Ненавижу смерть по многим причинам. Одна из них – необходимость писать некрологи. Вынужденность из самых страшных – вопреки отпору внутри, на грани крика и стона…
Так случилось, что я общалась с ним. До последних дней. Писала книгу о нем. Он успел ее прочитать – в рукописи… Кляну себя – в который уж раз – за нерасторопность… «Чуть помедленнее, кони!», кричала внутри себя, поглядывая на часы и моля стрелку секундомера… Книга писалась наперегонки со смертью, которая так и норовила обскакать…
Жизнесмертельнее интервью в моей жизни – не было…
Есть художники, в творческий «портрет» которых входит не только список созданных ими произведений, но и что-то еще, чему и названия не подберешь.
Некая надтворческая составляющая, некий шарм, который при упоминании имени становится доминирующим в возникновении образа. Поди докопайся до его ОТ и ДО… Их нет. Не просто «специалист в своем деле», или даже эксперт, а – родоначальник нового мышления, внесший вклад не только в национальную культуру, но и наше подсознание.
Вагиф Самедоглу. Вольнодумец всех времен, во всяком случае, мне известных, тех, что в пределах моей биографии. Этакий «расширитель сознания» – речь идет о Знании, том самом, глобальном, почти ныне утраченном, ничего общего не имеющем с той круглосуточной «осведомленностью», кою демонстрируют сегодняшние «эрудиты», в том числе в телеэфире.
Иначество – вот что привлекало в первую очередь. «Не такой, как все». Как часто мы говорим это про кого-то, по большому счету на характеристику сию мало тянущего. А тут… Не просто народный поэт, а – всецелая противоположность, такой себе антистереотип. Вулкан, который не смертоносен, а как раз наоборот…
Давно хотела встретиться с ним, дважды договаривалась по телефону, не получалось. Он даже книгу свою мне, тепло надписанную, переслал. Было это 4 года назад. Ну никак не получалось разгрузиться и пойти. Причина? Жизнь, что мастерица подбрасывать заморочки «поважнее». Бывает так порой, что неважное отпихивает важное, забегая вперед… К сожалению, часто бывает. Проблемы житейские и разные, что вырастают ниоткуда, не продерешься. Их много, на самом деле, «отговорок», по причине которых… Глупо, знаю… А творчество это то, что удается сделать между дурацкими проблемами. Или не удается. Потому что дурость всегда побеждает важность…
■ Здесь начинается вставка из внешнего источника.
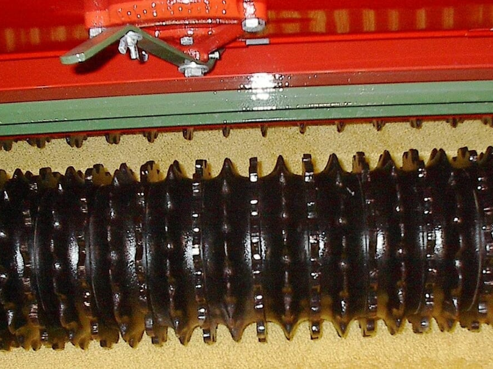The Brillion Sure Stand concept has survived the test of time and the challenges from many competitors and many different seeding methods.  However, the simplicity of the Sure Stand concept is still the best way to seed turf and grasses efficiently.  The larger front notched roller firms the seedbed and places shallow indentations into the soil surface.  The seed is metered from the seed boxes to free fall onto the deflectors; the deflectors then broadcast the seed across the full width of the seeder.  The smaller rear roller, with its notches splitting the middle of the front indentations, squeezes soil around the seed for the ultimate in seed to soil contact and consistent seed placement.
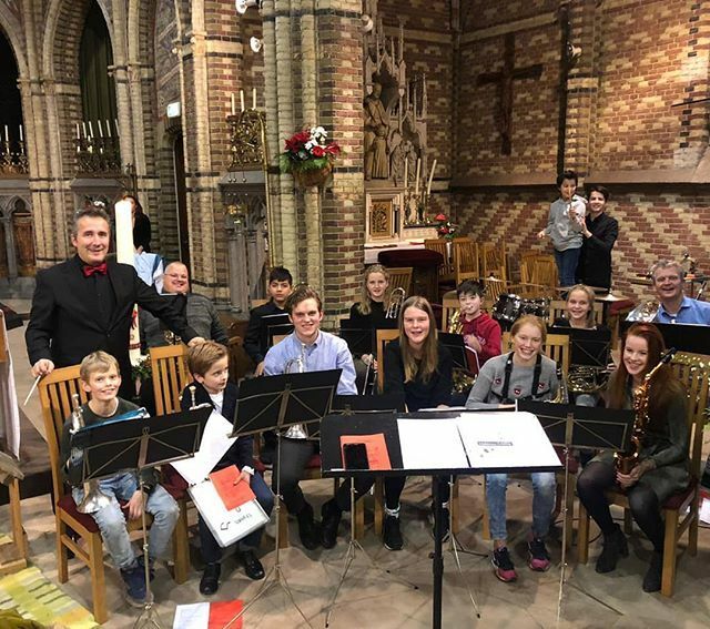 Repetitie van 30 jonge trompet-, bugel-, hoorn--, trombone- en tuba- blazers, en een slagwerker. Naar AllYouNeedIsLove-concert 14 feb 19.00u in Stiphout. Kom luisteren! ift.tt/39cY6En
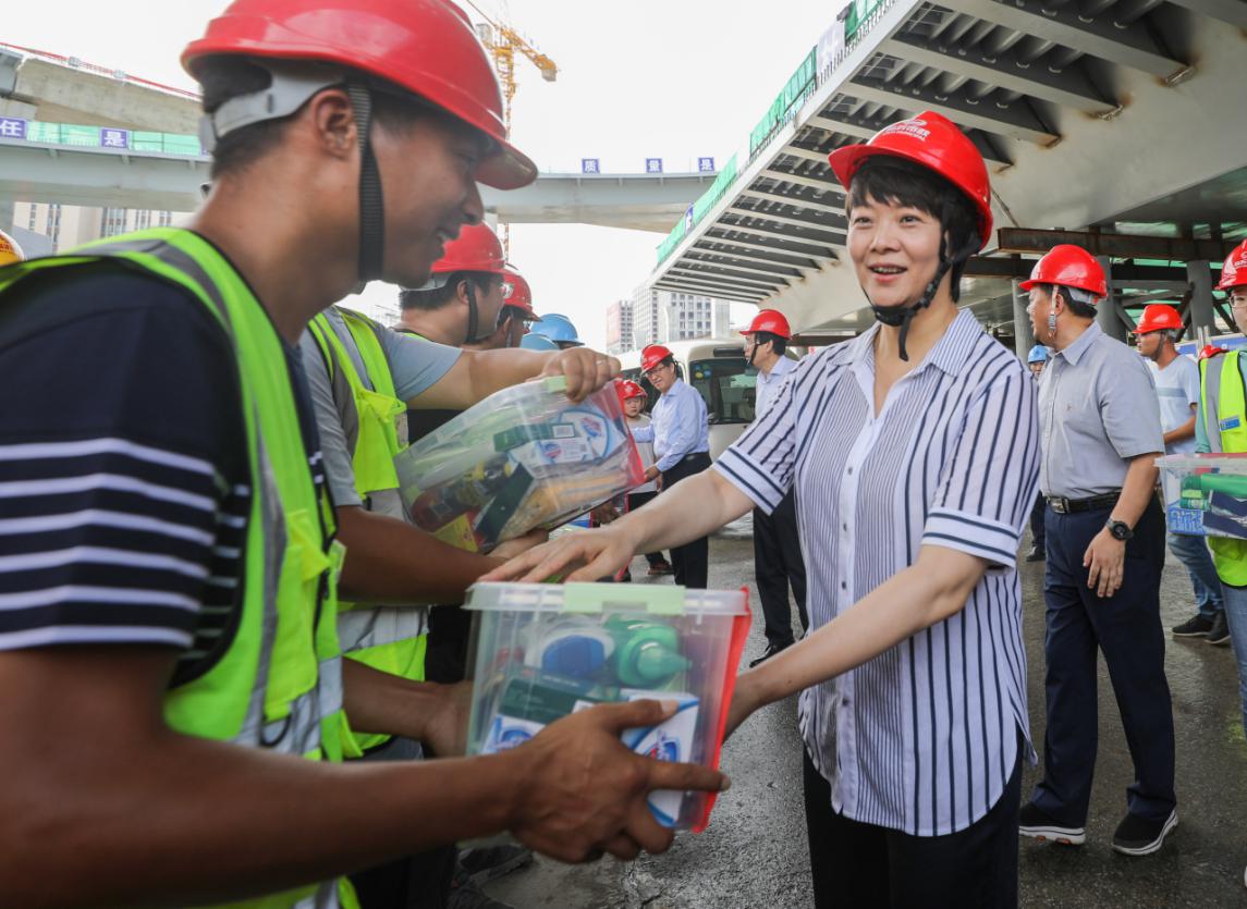 張寶娟一行實地察看了國泰創(chuàng)新中心、潤揚快速路、長江水務(wù)和揚州古城保護(hù)成果展示館,詳細(xì)了解項目建設(shè)情況。在潤揚路快速化改造工程江陽路互通立交施工現(xiàn)場,張寶娟給一線的工人們送上防暑物品。她囑咐企業(yè)負(fù)責(zé)人,高溫下連續(xù)工作非常辛苦,要確保高溫天氣作業(yè)安全和工程質(zhì)量,科學(xué)合理安排工時,做好防暑降溫工作,確保如期完成工程建設(shè),早日惠及揚州人民。
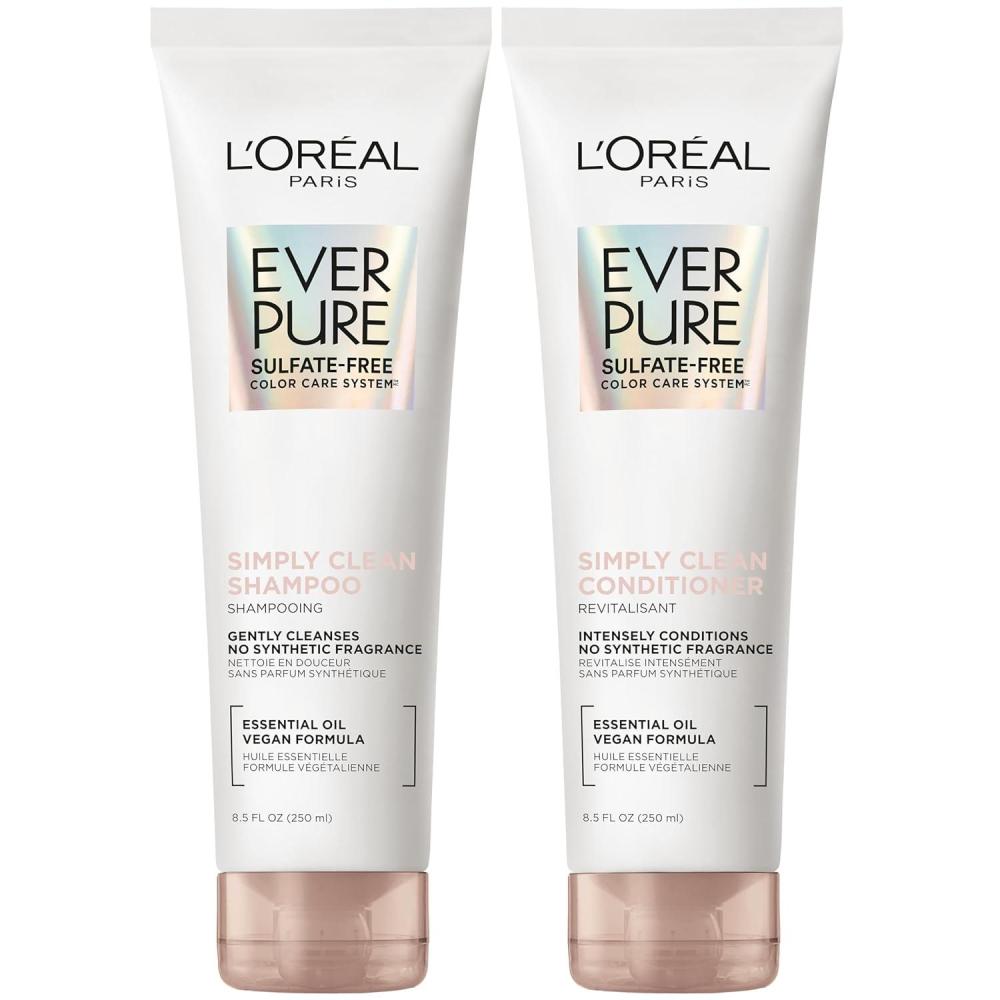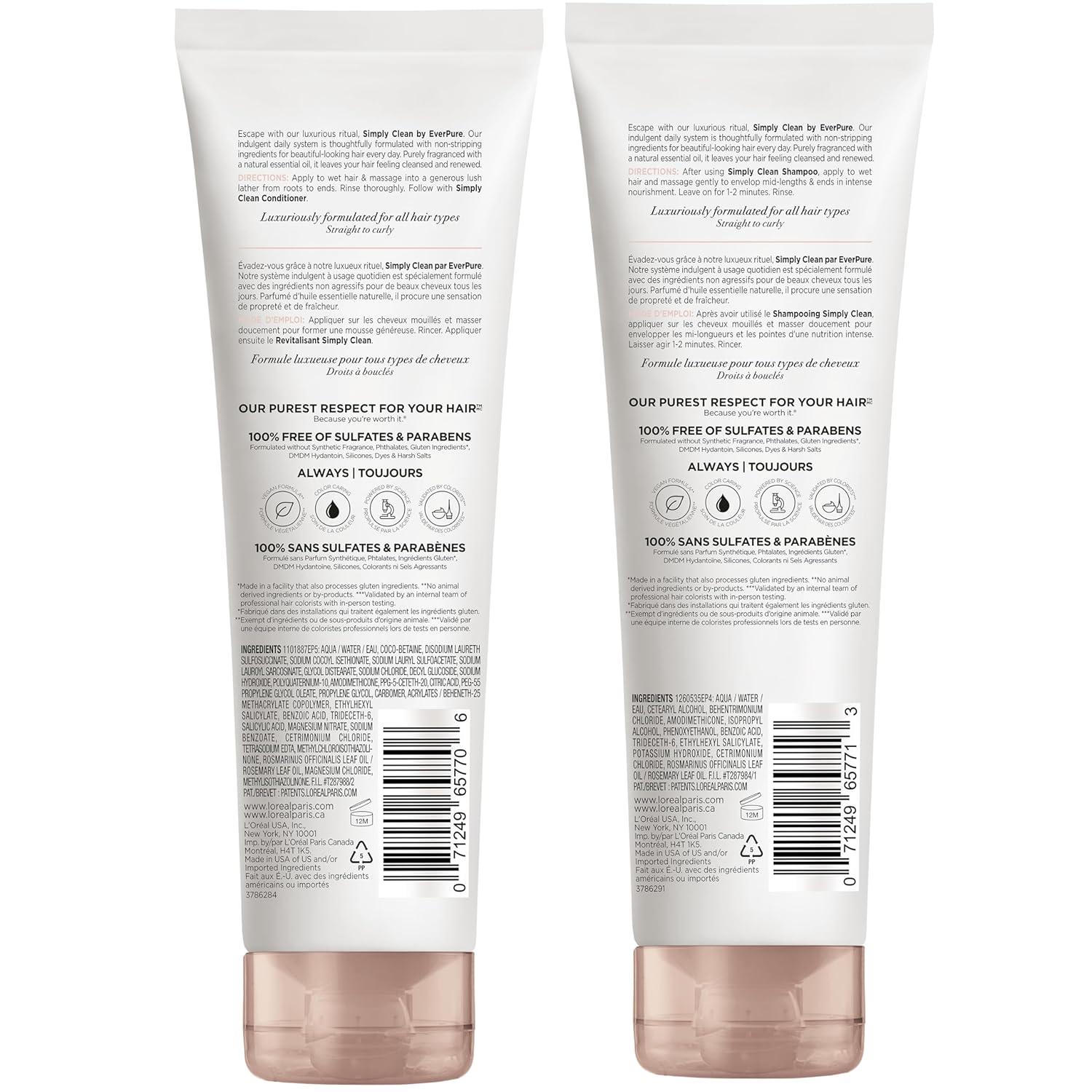 L’Oreal Paris EverPure Sulfate Free Simply Clean Shampoo and Conditioner Set, Hydrating Hair Care with Rosemary Essential Oils, 1 Kit (2 Products)(Everpure Simply Kit Amazon)

Труден он и ухабист, путь к Истине.
Но не только обстоятельства в том повинны. Что-то останавливало, буквально на пороге его дома. Останавливала неуверенность – потяну ли? Возвращалась к себе, не выходя, – дозревать. Не раз воскресным утром видела его у Тезе базара, подолгу простаивающего у клеток птах и пичуг. Корм им покупал, своим попугаям. С трудом удерживалась, чтобы не подойти...
Боялась – не подойти...
И потом, к нему нужно приходить пустой, вытряхнув из себя до крошки всю пустяшность поденщины, чтобы впитывать в себя, впитывать… Тот исполинский пласт, которым он способен одарить. Не получилось. Получилось только теперь…
Книжки, им надписанные… Авторские заверки, часто отписно формальные. Я вообще заметила, чем талантливее автор, тем неприхотливее надписывает он свою книжку – витиеватой стилистикой занимаются графоманы-рифмоплеты. Но и эти бесхитростные посвящения спустя годы прочитываются иначе, словно обретая иные смыслы...
Помню, как пришла к нему впервые. Он сидел на диване в вышитом золотой росписью аракчыне, попыхивая трубкой, смотрел впереди себя. И не было ему скучно одному…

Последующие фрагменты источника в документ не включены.